- Directed by: William Weintraub
- Written by: William Weintraub
- Produced by: Bill Brind
- Narrated by: Vlasta Vrána
- Cinematography: Jacques Avoine Lynda Pelley Barry Perles
- Edited by: Jeremiah Hayes
- Music by: Eldon Rathburn
- Distributed by: National Film Board of Canada
- Release date: 1993;
- Running time: 51 minutes
- Country: Canada
- Language: English

= The Rise and Fall of English Montreal =

Film about English exodus from Montreal

The Rise and Fall of English Montreal is a 1993 Canadian documentary film directed by William Weintraub and produced by the National Film Board of Canada in Montreal.

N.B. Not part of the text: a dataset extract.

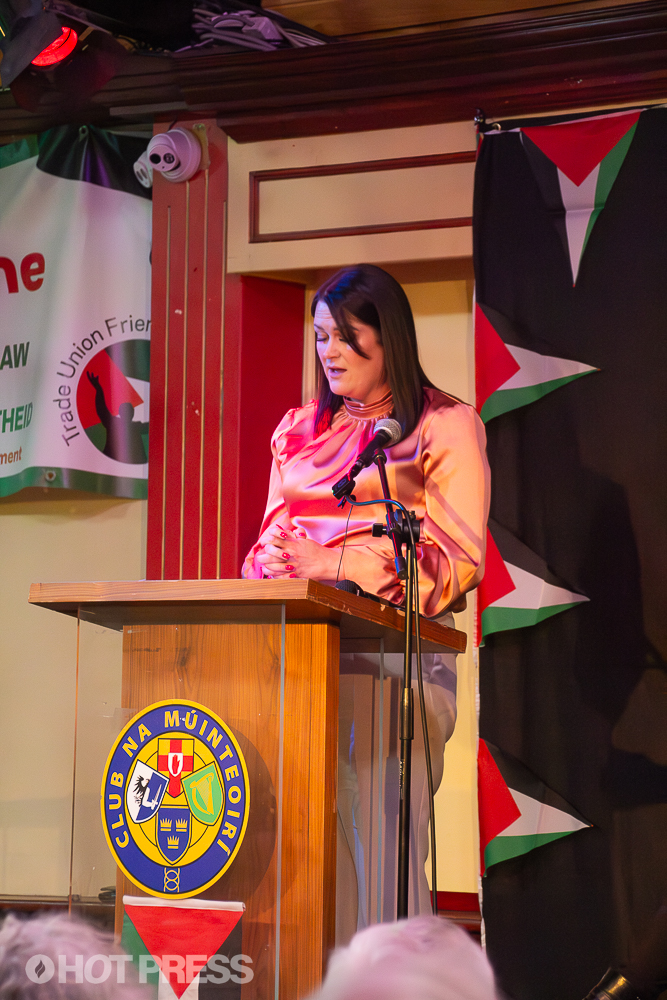 BDS Super panel at Teachers Club on April 9, 2026. Copyright hotpress.comThe event featured a surprise appearance by Sinn Fein TD Joanna Byrne. Byrne was recently removed as a director of Drogheda United F.C. by the club's US-based owner after publicly opposing the Republic of Ireland playing Israel in the UEFA Nations League.

The film deals with the exodus of English-speaking Quebecers that began in the 1960s and was accelerated by the 1976 Quebec general election.

==Overview==
The film includes interviews with English-speaking professionals and students who are preparing to leave Montreal, joining an exodus of 300,000 Anglophones that left the province in the last two decades.

This exodus is reflected in over 100 English-speaking schools that have closed in recent years. The students at McGill University and Concordia University cite better work opportunities outside of the province as a reason for leaving. Frequently, the lack of a Francophone background is cited as an obstacle for Anglophones, even for those who are bilingual.

Weintraub also looks at the role that the Office québécois de la langue française plays in making Anglophone businesses comply with language laws, calling for the use of French language signage instead of English.

The film juxtaposes a worried minority's present position with their past in Montreal, where English-speakers once outnumbered Francophones, where the mayor was English-speaking and it was difficult to be served in French in downtown department stores.

The film also addresses key moments of significance to the Anglo community in Montreal, such as the demolition of the Van Horne Mansion in 1973. Weintraub also displays the significant role that Anglo business has played in cultivating Montreal's overseas image as a "North American Paris."

As the Anglo youth leave Montreal and the elderly stay behind, the film poses questions about the future and sustainability of the Anglo community in Montreal and the province itself.